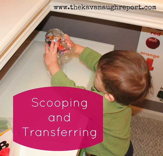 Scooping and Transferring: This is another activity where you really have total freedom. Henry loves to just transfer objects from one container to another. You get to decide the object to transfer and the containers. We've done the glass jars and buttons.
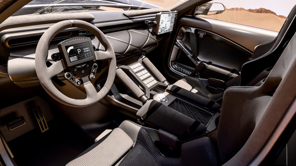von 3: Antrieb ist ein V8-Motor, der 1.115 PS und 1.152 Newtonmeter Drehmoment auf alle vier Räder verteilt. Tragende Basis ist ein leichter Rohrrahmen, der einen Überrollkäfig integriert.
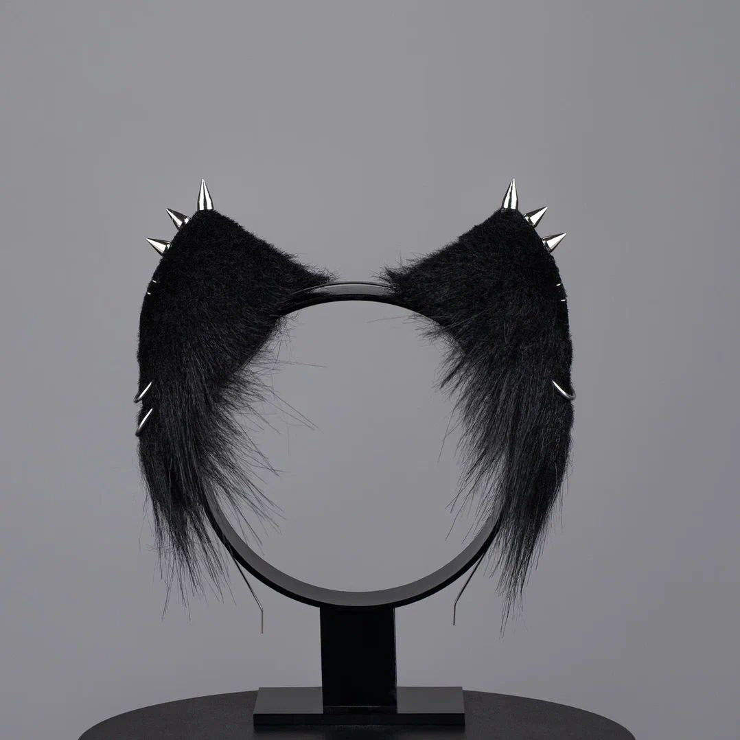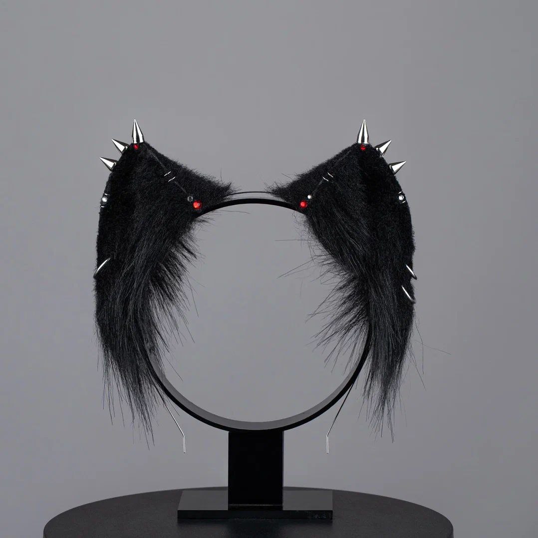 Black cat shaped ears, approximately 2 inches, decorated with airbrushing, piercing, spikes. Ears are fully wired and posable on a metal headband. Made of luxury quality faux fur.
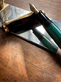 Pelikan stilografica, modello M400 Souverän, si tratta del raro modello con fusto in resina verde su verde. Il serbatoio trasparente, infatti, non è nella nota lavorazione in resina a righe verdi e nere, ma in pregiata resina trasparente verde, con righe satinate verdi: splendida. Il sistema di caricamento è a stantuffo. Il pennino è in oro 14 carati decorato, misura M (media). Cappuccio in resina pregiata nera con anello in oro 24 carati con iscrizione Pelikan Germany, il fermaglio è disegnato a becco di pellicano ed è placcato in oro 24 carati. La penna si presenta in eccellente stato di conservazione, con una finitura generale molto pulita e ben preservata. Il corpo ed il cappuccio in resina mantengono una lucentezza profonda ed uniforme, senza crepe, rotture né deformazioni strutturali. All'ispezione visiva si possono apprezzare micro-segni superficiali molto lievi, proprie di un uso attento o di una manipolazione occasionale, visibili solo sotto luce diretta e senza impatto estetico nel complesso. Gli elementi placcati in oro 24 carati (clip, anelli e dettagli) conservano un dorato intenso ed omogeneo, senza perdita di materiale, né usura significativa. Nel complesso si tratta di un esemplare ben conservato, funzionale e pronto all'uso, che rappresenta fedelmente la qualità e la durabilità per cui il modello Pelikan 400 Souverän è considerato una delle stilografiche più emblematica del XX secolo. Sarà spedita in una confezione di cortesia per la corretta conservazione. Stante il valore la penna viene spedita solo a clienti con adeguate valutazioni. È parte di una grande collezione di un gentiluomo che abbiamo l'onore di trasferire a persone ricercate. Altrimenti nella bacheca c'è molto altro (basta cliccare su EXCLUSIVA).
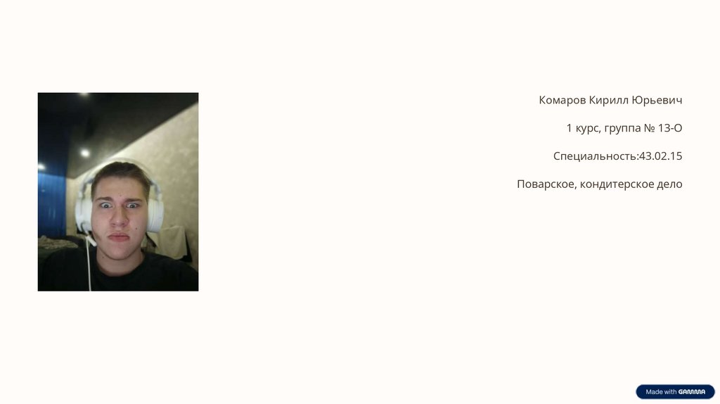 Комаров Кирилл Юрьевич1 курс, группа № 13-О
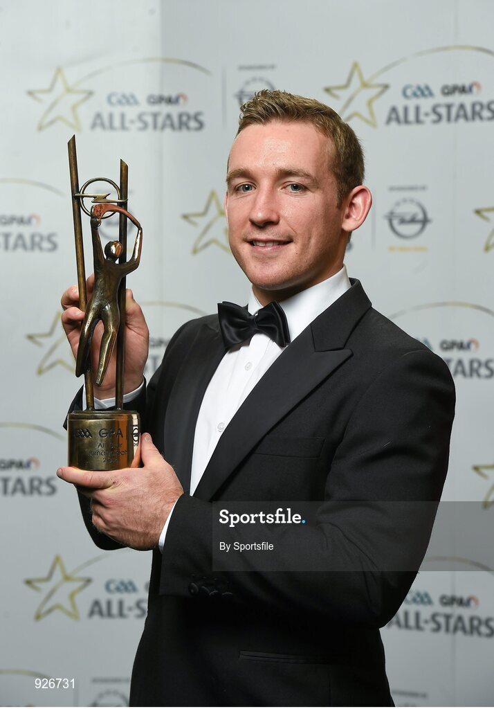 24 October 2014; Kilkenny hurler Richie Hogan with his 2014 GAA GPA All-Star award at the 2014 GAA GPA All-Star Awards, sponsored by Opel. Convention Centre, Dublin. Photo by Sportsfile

══════

PROBLEM DETAILS: Every line from the one with "Black cat shaped" through the one with "Комаров Кирилл Юрьевич1 курс, группа № 13-О" is to be reproduced exactly as written above, and the pictures are to be dropped.

TASK SOLUTION:
 Black cat shaped ears, approximately 2 inches, decorated with airbrushing, piercing, spikes. Ears are fully wired and posable on a metal headband. Made of luxury quality faux fur.
 Pelikan stilografica, modello M400 Souverän, si tratta del raro modello con fusto in resina verde su verde. Il serbatoio trasparente, infatti, non è nella nota lavorazione in resina a righe verdi e nere, ma in pregiata resina trasparente verde, con righe satinate verdi: splendida. Il sistema di caricamento è a stantuffo. Il pennino è in oro 14 carati decorato, misura M (media). Cappuccio in resina pregiata nera con anello in oro 24 carati con iscrizione Pelikan Germany, il fermaglio è disegnato a becco di pellicano ed è placcato in oro 24 carati. La penna si presenta in eccellente stato di conservazione, con una finitura generale molto pulita e ben preservata. Il corpo ed il cappuccio in resina mantengono una lucentezza profonda ed uniforme, senza crepe, rotture né deformazioni strutturali. All'ispezione visiva si possono apprezzare micro-segni superficiali molto lievi, proprie di un uso attento o di una manipolazione occasionale, visibili solo sotto luce diretta e senza impatto estetico nel complesso. Gli elementi placcati in oro 24 carati (clip, anelli e dettagli) conservano un dorato intenso ed omogeneo, senza perdita di materiale, né usura significativa. Nel complesso si tratta di un esemplare ben conservato, funzionale e pronto all'uso, che rappresenta fedelmente la qualità e la durabilità per cui il modello Pelikan 400 Souverän è considerato una delle stilografiche più emblematica del XX secolo. Sarà spedita in una confezione di cortesia per la corretta conservazione. Stante il valore la penna viene spedita solo a clienti con adeguate valutazioni. È parte di una grande collezione di un gentiluomo che abbiamo l'onore di trasferire a persone ricercate. Altrimenti nella bacheca c'è molto altro (basta cliccare su EXCLUSIVA).
 Комаров Кирилл Юрьевич1 курс, группа № 13-О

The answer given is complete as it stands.